● **Assignment**:
Return the data below unaltered, but strip out the pictures.

● **Supplied material**:
= = =
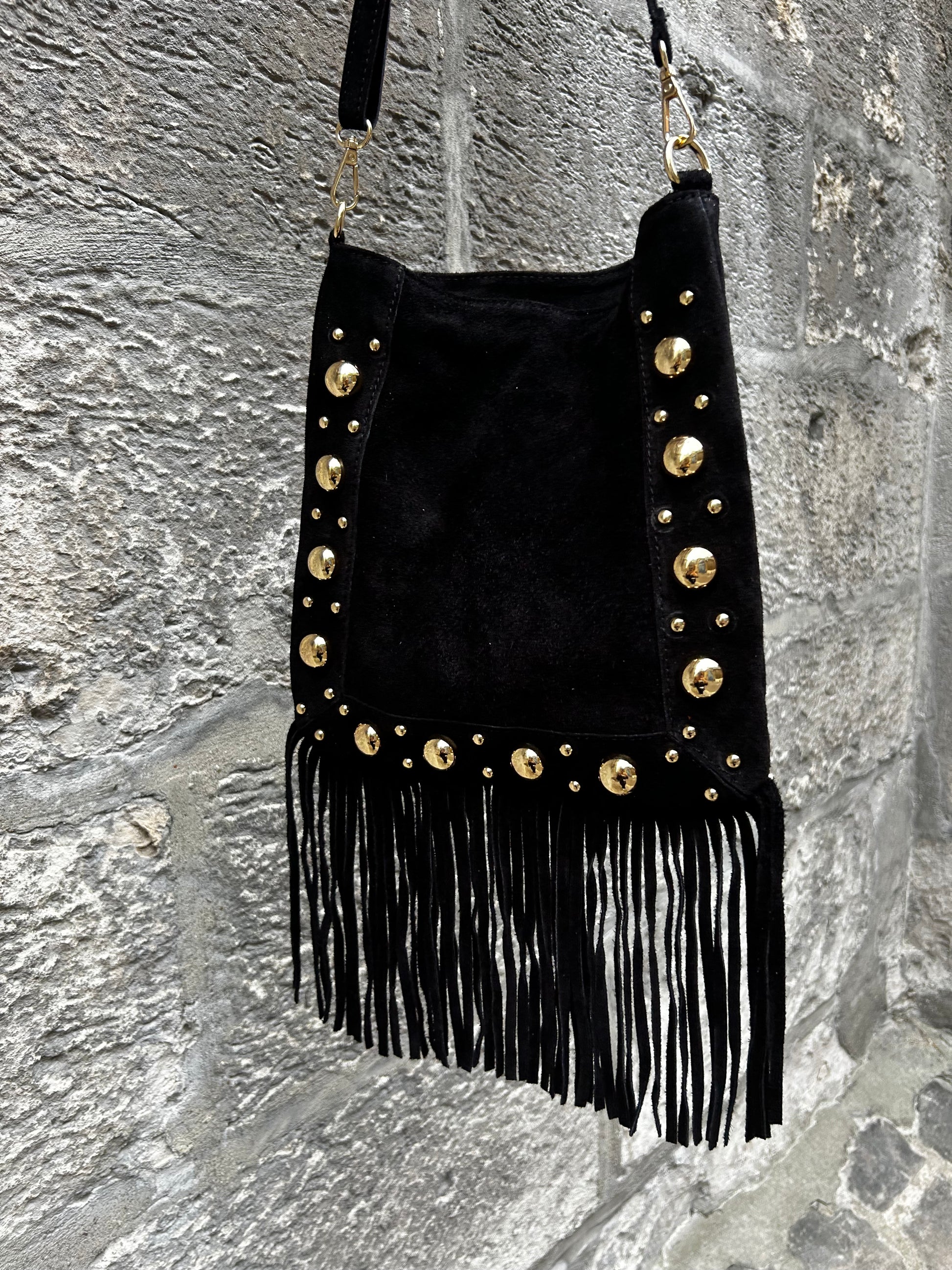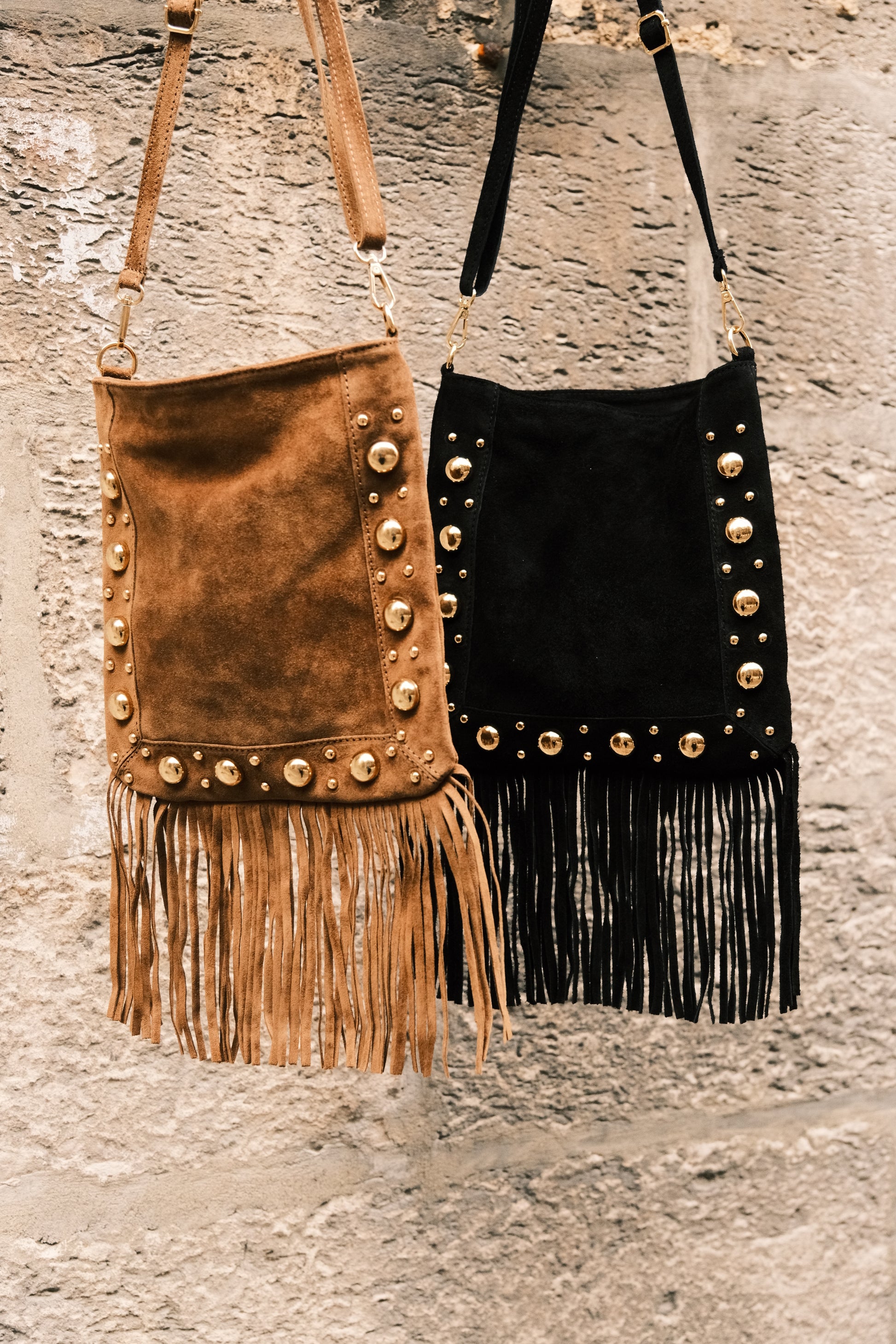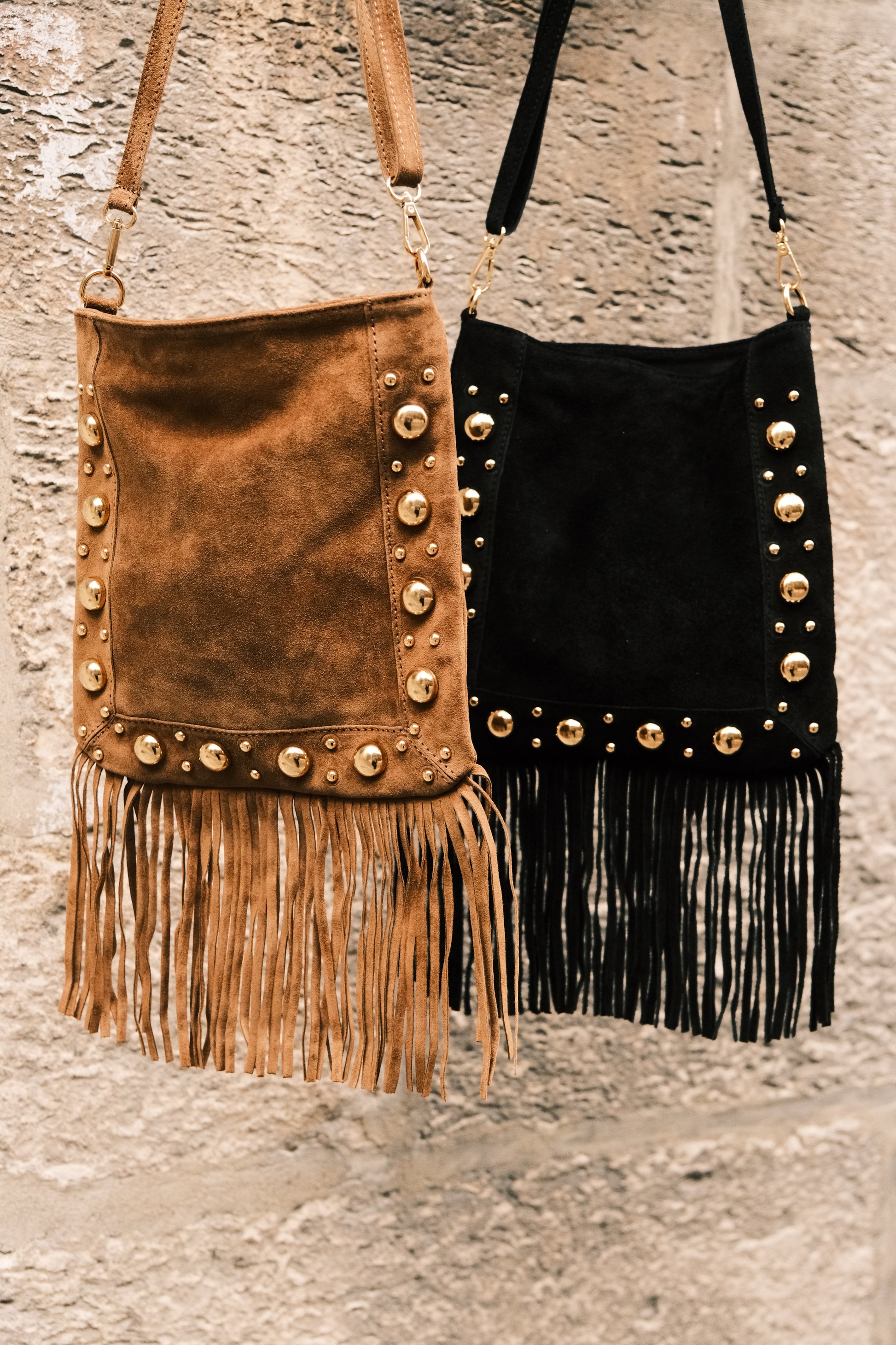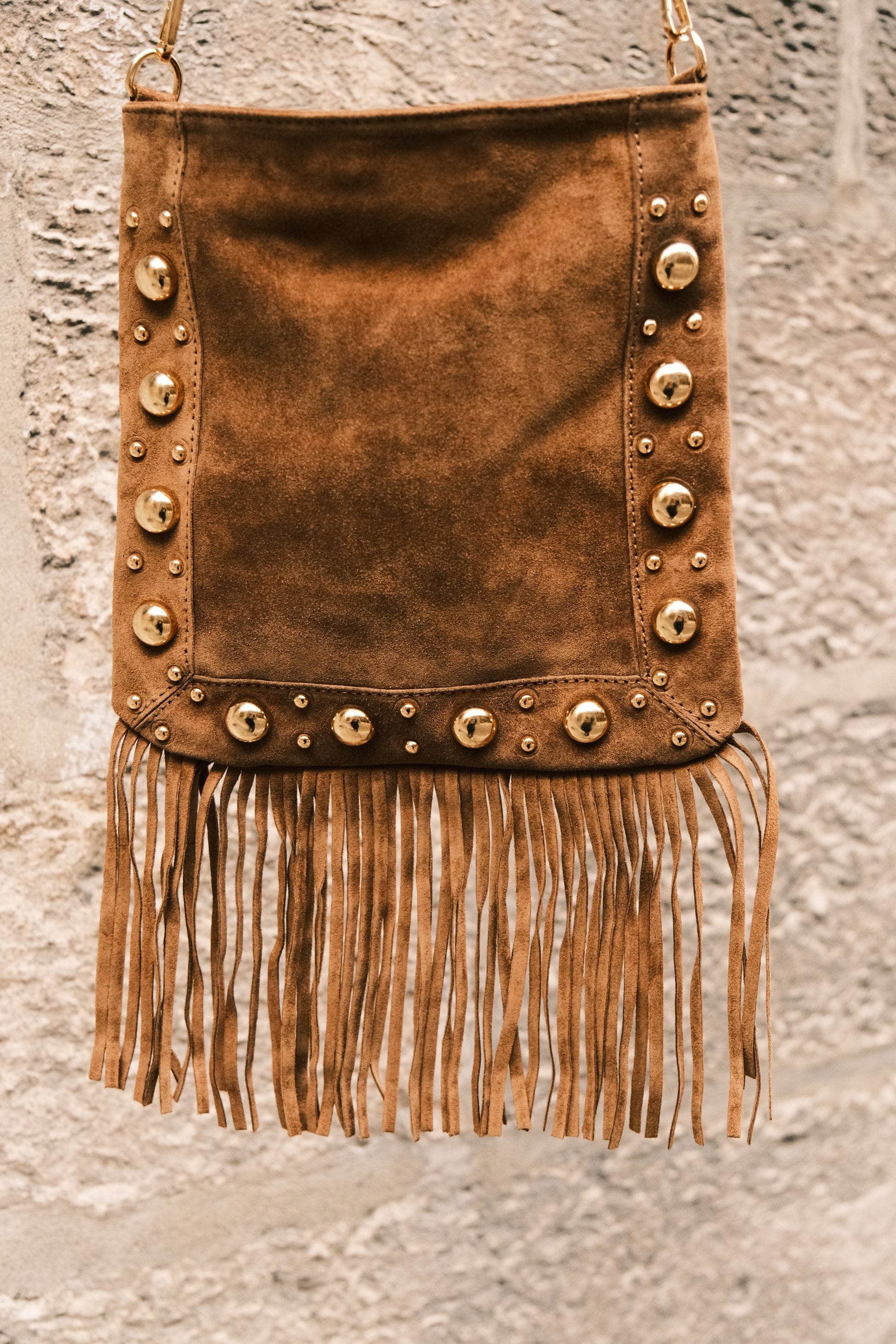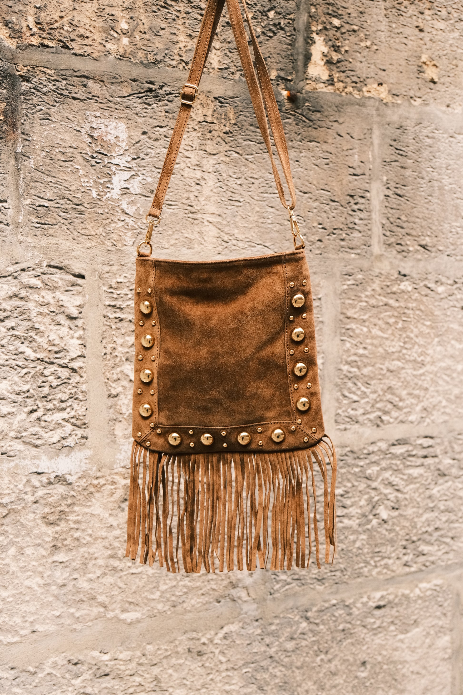 Imaginé dans un daim souple et raffiné, le sac Thérèse séduit par son caractère unique. Ses détails dorés en acier inoxydable lui apportent éclat et sophistication, tandis que ses franges délicates insufflent une touche bohème pleine de mouvement.
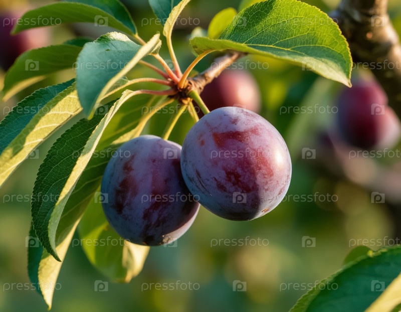Спелые сливы на ветке в саду. Генерируется ИИ
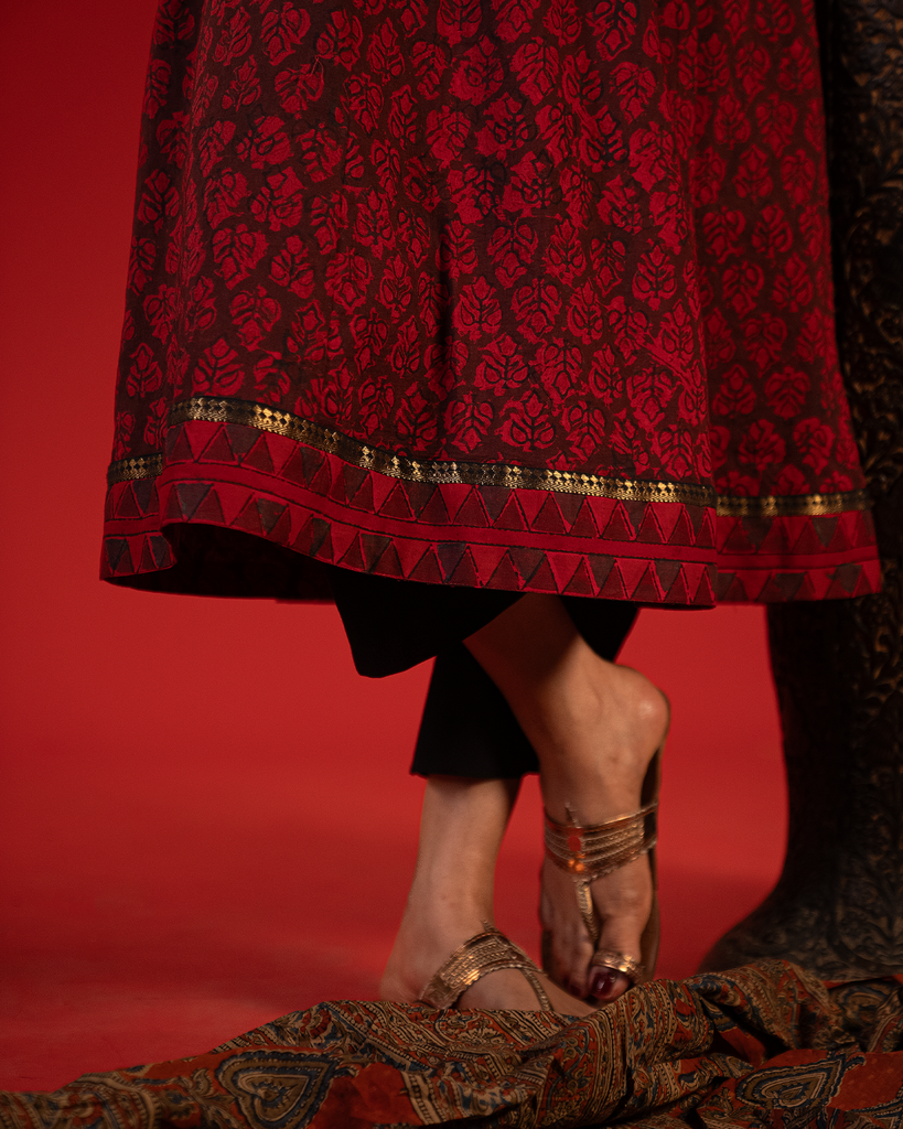 This red and maroon princess-cut kurta features elegant jaal print designs. It has a straight V-neckline with contrast Nizam borders on the neck, sleeves, and hem. The 3/4th sleeves and hemline are highlighted with matching borders, and side pockets add practicality.
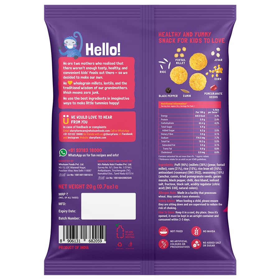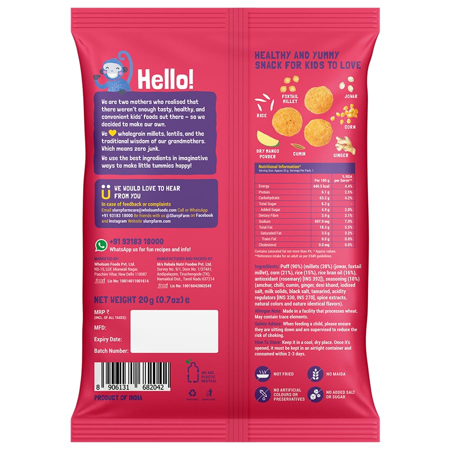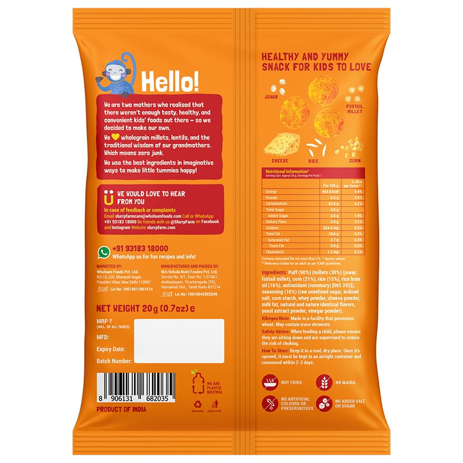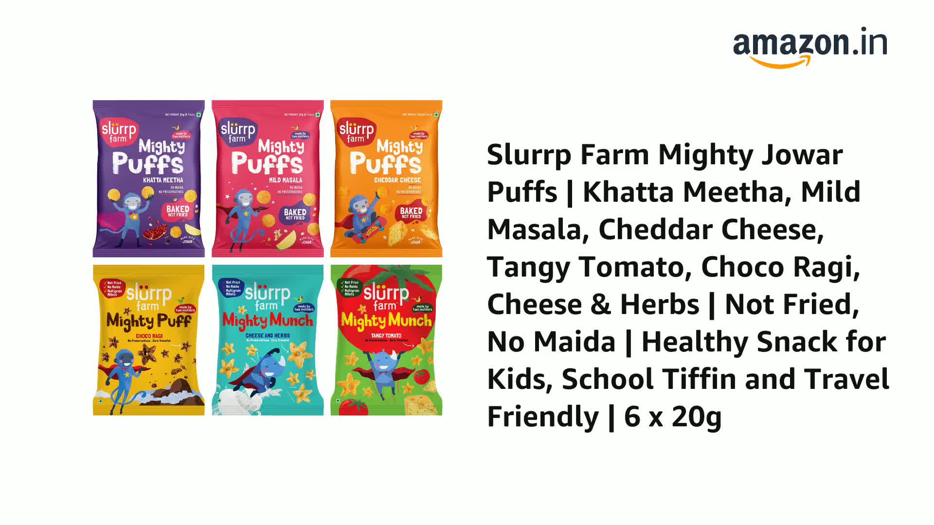 Slurrp Farm Mighty Jowar Puffs | Khatta Meetha, Mild Masala, Cheddar Cheese, Tangy Tomato, Choco Ragi, Cheese & Herbs | Not Fried, No Maida | Healthy Snack for Kids, School Tiffin and Travel Friendly | 6 x 20g
= = =
● **Exercise solution**:
 Imaginé dans un daim souple et raffiné, le sac Thérèse séduit par son caractère unique. Ses détails dorés en acier inoxydable lui apportent éclat et sophistication, tandis que ses franges délicates insufflent une touche bohème pleine de mouvement.
Спелые сливы на ветке в саду. Генерируется ИИ
 This red and maroon princess-cut kurta features elegant jaal print designs. It has a straight V-neckline with contrast Nizam borders on the neck, sleeves, and hem. The 3/4th sleeves and hemline are highlighted with matching borders, and side pockets add practicality.
 Slurrp Farm Mighty Jowar Puffs | Khatta Meetha, Mild Masala, Cheddar Cheese, Tangy Tomato, Choco Ragi, Cheese & Herbs | Not Fried, No Maida | Healthy Snack for Kids, School Tiffin and Travel Friendly | 6 x 20g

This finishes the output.